A light goes off in the viewer’s head, too. Before anybody starts stamping DiCaprio’s name on the Oscar, here’s old Matthew to remind us that nobody has had a better year acting in the movies – nobody. If Mark Hanna had more than two scenes, McConaughey might have stolen the movie.
But this isn’t Oliver Stone’s preachy, good-man-falls-far opera “Wall Street.” This is about Jordan’s layoff during the financial crash of 1987 and his rebirth as a penny stocks-trading bottom feeder, the sort of smooth money-printing huckster who lures proteges and followers like a revival preacher. Donnie (Jonah Hill) is the first. Assorted other “guys from the neighborhood” follow.
That’s the genius of this. The savvier Wall Street pundits noticed how brokers, traders and derivatives specialists went from making a very good living in the early Reagan years to making obscene amounts of money by the end of the Reagan years. And these pundits asked “How did these goons get so smart?” And “How do they figure they’re worth that kind of money?”
“The Wolf of Wall Street” captures the delusional, undereducated ignoramuses with nothing but hunger who nag clients into buying stocks that might make them money, might lose money. But either way, these guys got paid.
DiCaprio brings a religious fervor to this performance. Where his Gatsby was shy, aloof and shady, Jordan Belfort is a combination of Oral Roberts and Joel Osteen, pep rallying his flock to his prosperity gospel.
“There is no nobility in poverty,” he thunders. “I want you to deal with your problems by getting RICH!”
Marriages founder and a mountain of cocaine goes up Jordan and his team’s noses. Hill, wearing shiny, fake teeth and that boyish hedonism that’s been his trademark, brings a crackling, improvisational feel to his scenes with DiCaprio, a blur of words and blow blasting from one to the other as they cannot believe how rich they’re getting and how they’re squandering all this money.
The otherworldly beauty Margot Robbie plays “The Duchess of Bay Ridge,” stunning but just as New York working class as any of them once she opens her “Guinea Gulch” (Italian-Brooklyn) mouth. Of course Jordan must have her, but she makes little impression beyond the lust that first inspires him.
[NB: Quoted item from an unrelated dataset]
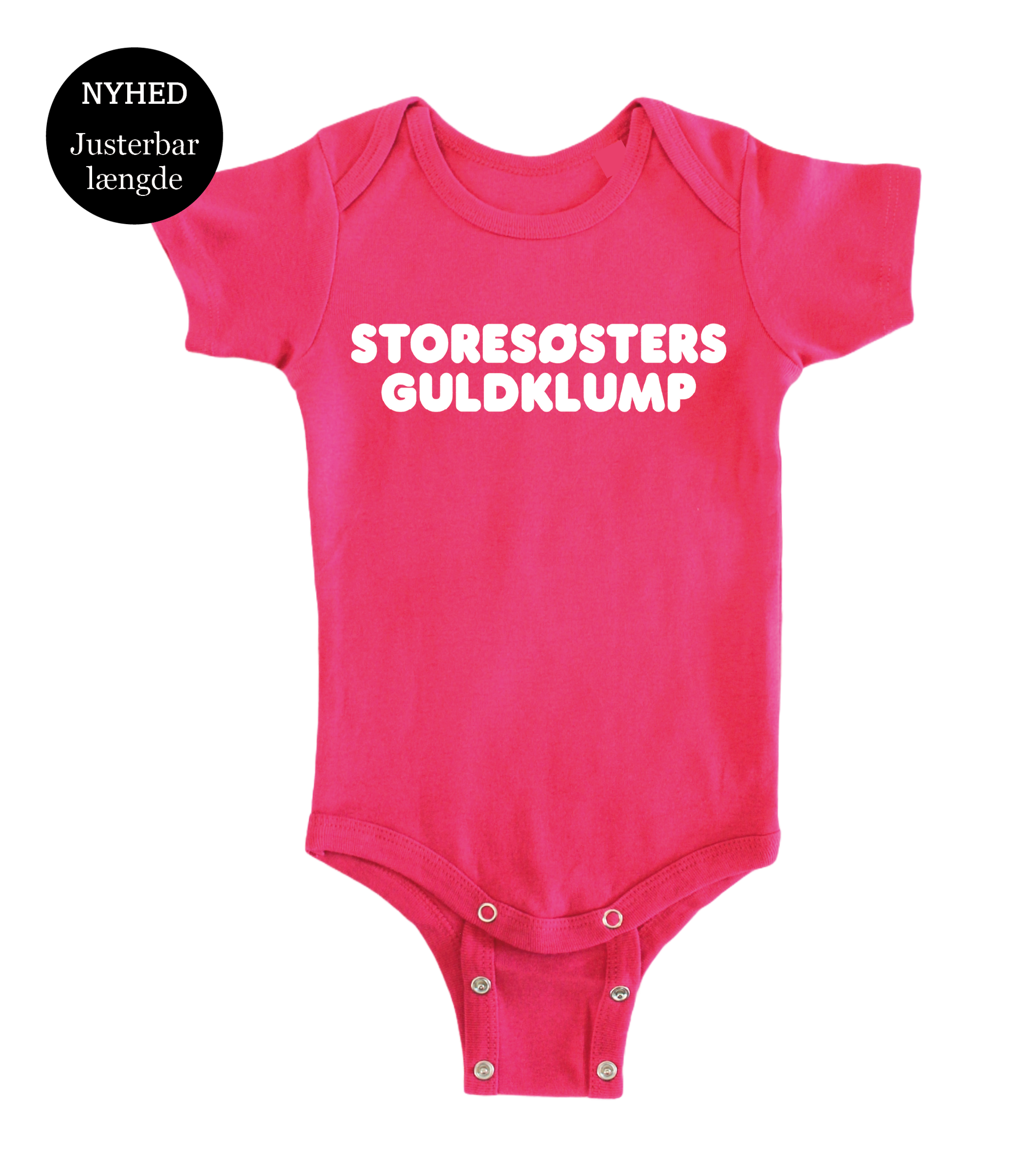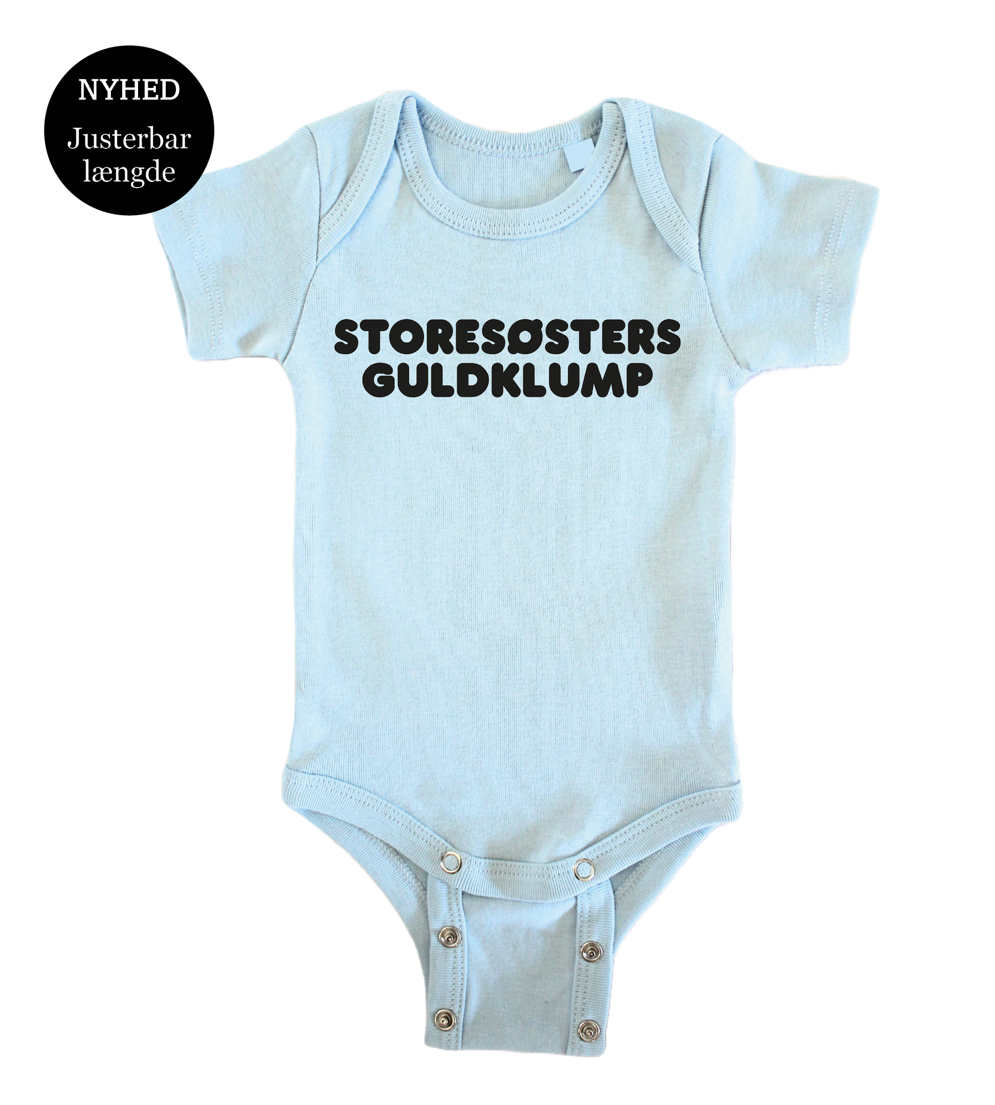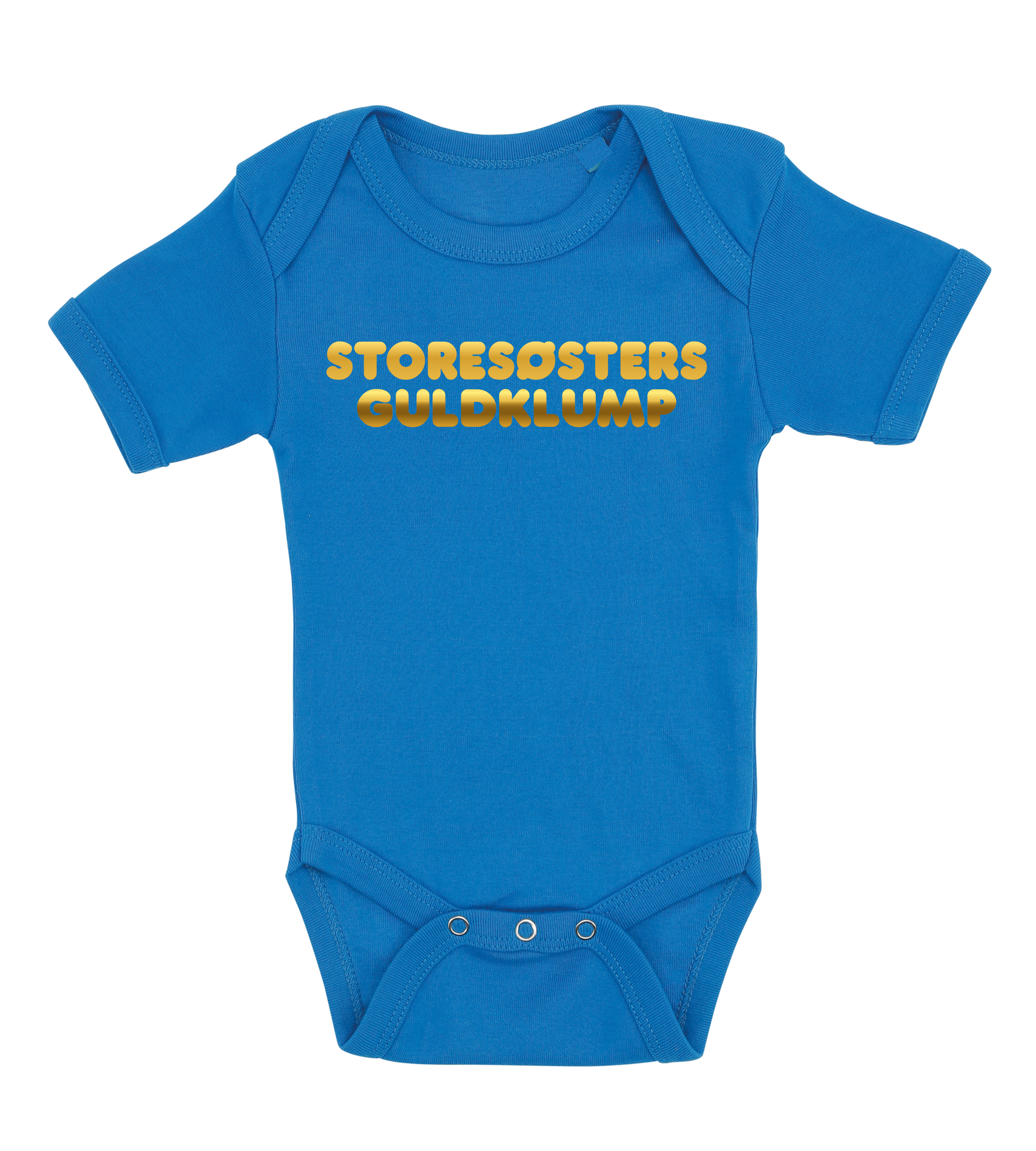 Denne baby bodystocking med teksten Storesøsters guldklump, er det perfekte køb til de kommende forældre, som venter sig en lille baby , som vil blive familiens guldklump, eller gave fra den stolte storesøster.

Kyle Chandler blandly plays the FBI agent who puts Jordan in his sights.
It’s a movie whose melodramatic flourishes – a storm at sea in which all Jordan and Donnie can do is cope with Quaaludes, a plane crash – are made no less melodramatic by the fact that they’re actually true.
Three hours might not seem excessive for a satiric indictment of Wall Street ethics. But for a comedy that glamorizes the bacchanalia of Belfort’s world – dwarf tossing, stripper-packed office parties, all manner of drugs, the pursuit of sexsploits further and further from conventional – it’s a bit much. There’s too much repetition, too many scenes left in to show off the high-rollers’ endless array of human failings and petty ambitions.
For such a manic movie, Scorsese never brings urgency to the proceedings. That’s a big reason this “Goodfellas” has no sense of tragedy or judgment to it. It amuses, but never makes us feel.
Our most moral crime film creator sits on the fence, observing and enjoying the mayhem, forcing us to make the “See where this got us?” leap. Because he, like the greedy grovelers his movie documents, was having too much fun to bother with that.